The new model’s significance lies in its capacity to move beyond simple code generation to handle the entire software development lifecycle. It can reportedly maintain focus on a single project for more than 30 hours, a substantial increase in long-horizon task management for AI. By achieving state-of-the-art results in evaluations that mirror real-world programming challenges, Sonnet 4.5 represents a major step toward AI that can function as a capable, persistent, and collaborative partner for software engineers. This performance, combined with its availability on major cloud platforms and a pricing structure held at the same level as its predecessor, signals a push to make frontier-level AI more accessible and practical for complex, real-world applications.
New Performance Benchmarks in Coding
At the core of Sonnet 4.5’s capabilities is its performance on rigorous coding evaluations.

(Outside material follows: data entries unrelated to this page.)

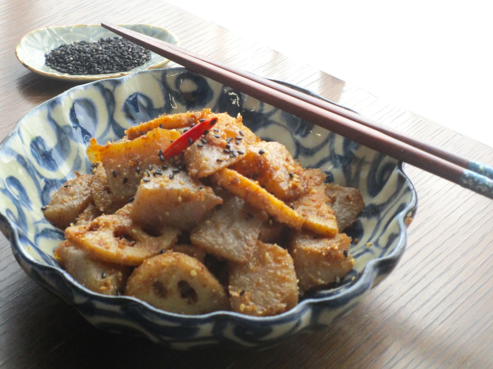③れんこんを加え、塩一つまみを全体にふりかけてひと炒めする。Aの調味料を加えて煮からめる。汁気が少なくなると、すりごまを加えて煮汁を吸わせながら全体によく混ぜる。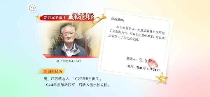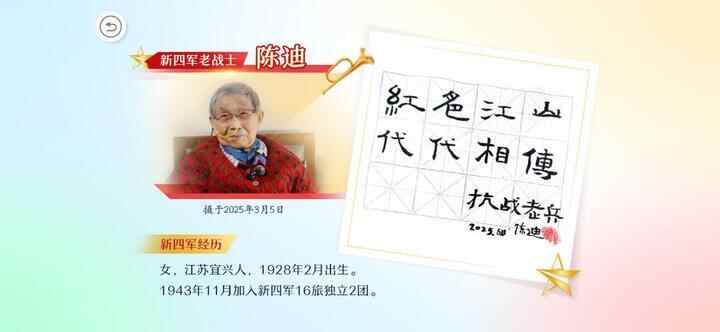 新四军经历:1938年,她加入新四军教导总队第八队(女子队)。在抗日报国的“经济战线”上,为守护党的“钱袋子”,她将金条缝入特制的背心贴身携带,人不离金、金不离人,力保金库分毫不损。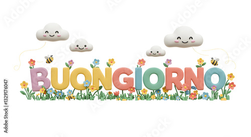 Obraz premium Buongiorno Pastel Floral Illustration with Cute Bees and Clouds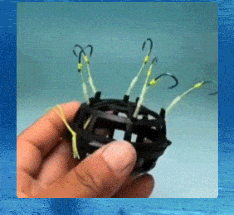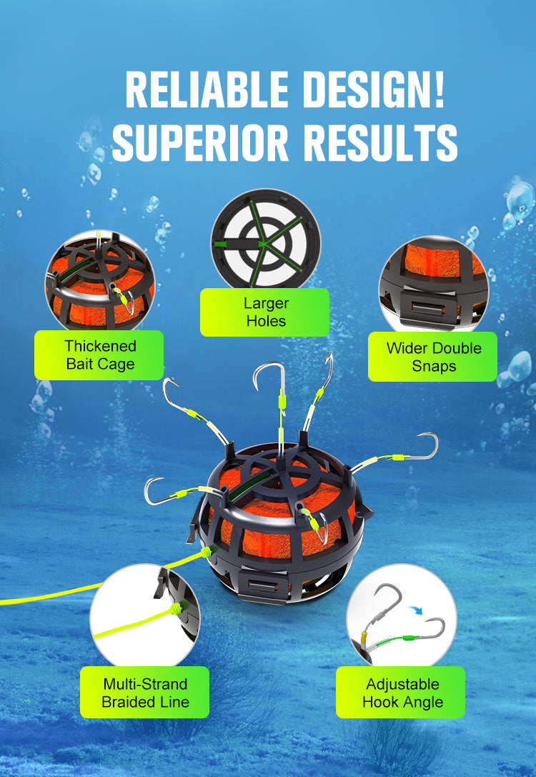 All-in-One-Ködersystem- Kombiniert 6 scharfe Haken mit einem geräumigen Köderkäfig, um Fische schneller anzulocken. Beladen Sie den Käfig mit Würfeln, Pellets oder Pulverködern - so entstehen unwiderstehliche Duftspuren, die das Fressen auslösen.
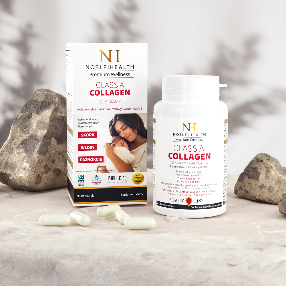 Class A Collagen For Mom ist ein Produkt für alle, die ihre Haut, Haare und Nägel pflegen möchten. Es wird besonders für schwangere und stillende Frauen empfohlen. Bedenken Sie jedoch, dass die Schwangerschaft eine besondere Zeit ist, und konsultieren Sie vor der Einnahme von Nahrungsergänzungsmitteln immer Ihren Arzt. Das Nahrungsergänzungsmittel Class A Collagen For Mom basiert auf Wirkstoffen, hauptsächlich Kollagen der Klasse A aus Meeresfischen, Hyaluronsäure und Traubenkernextrakt.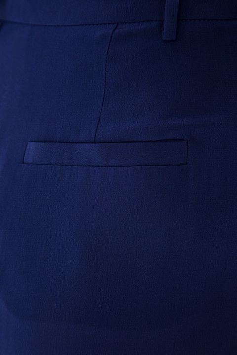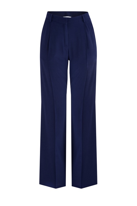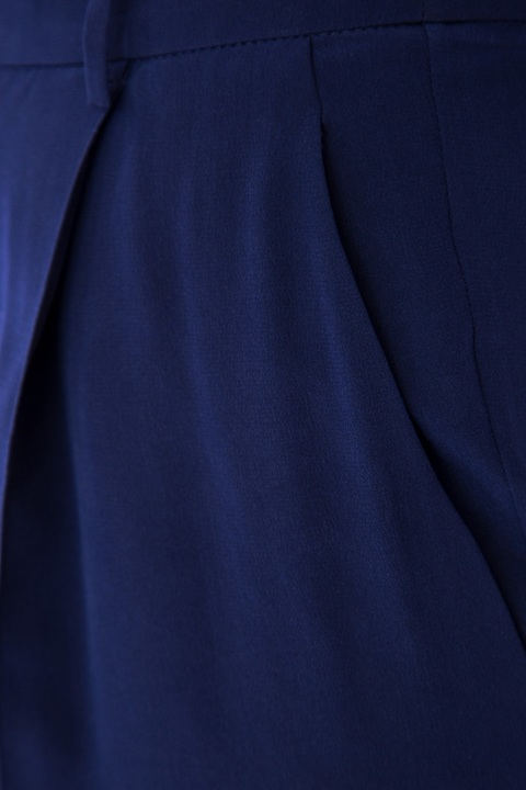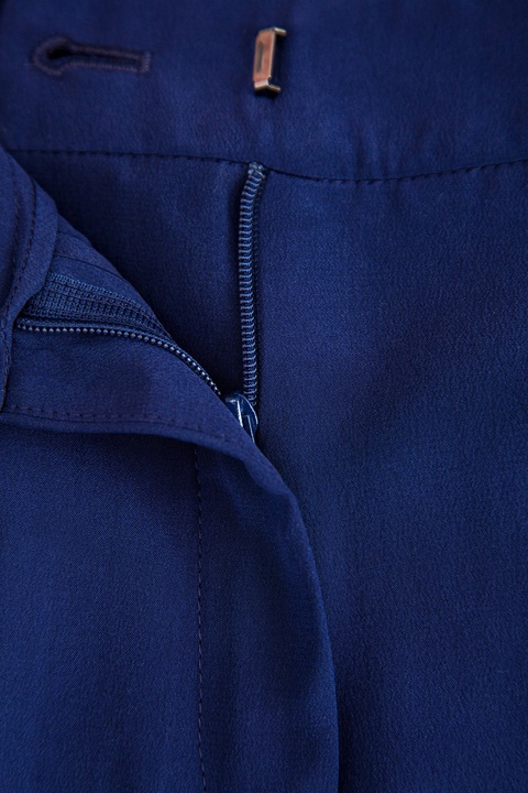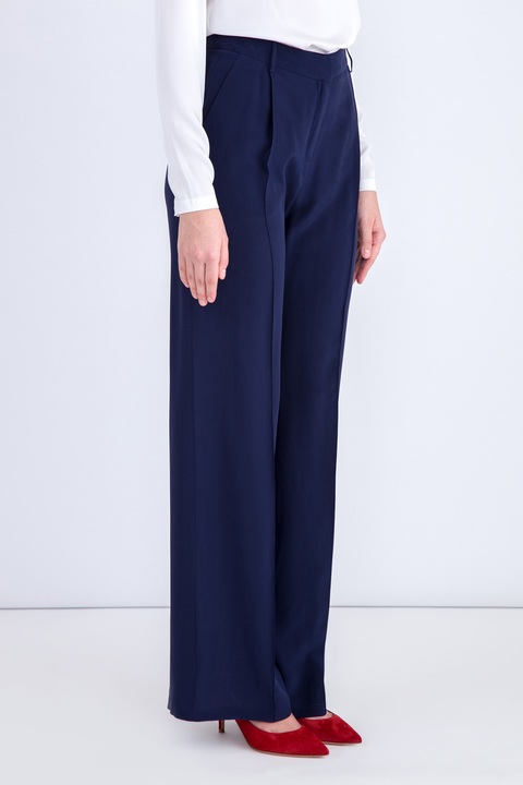 Эффектные женские брюки из коллекции бренда Alexander Terekhov широкого расклешенного кроя. Модель создана из струящегося шелка с матовой поверхностью темно-синего цвета. Изделие дополнено объемными складками спереди, французскими фронтальными и накладным задним карманами и конструктивными стрелками. Посадка осуществляется на завышенной линии талии на широком притачном поясе. Сделано в России.

The model has achieved a state-of-the-art score on SWE-bench Verified, a benchmark that measures a model’s ability to resolve real-world software issues pulled from GitHub repositories. While exact scores can vary based on testing methodology, some evaluations show Sonnet 4.5 achieving a resolution rate of 49.8%, surpassing its predecessor, Claude Opus 4, and competing models like OpenAI’s GPT-4o. Other independent tests have reported even higher scores, cementing its position as a leader in this domain.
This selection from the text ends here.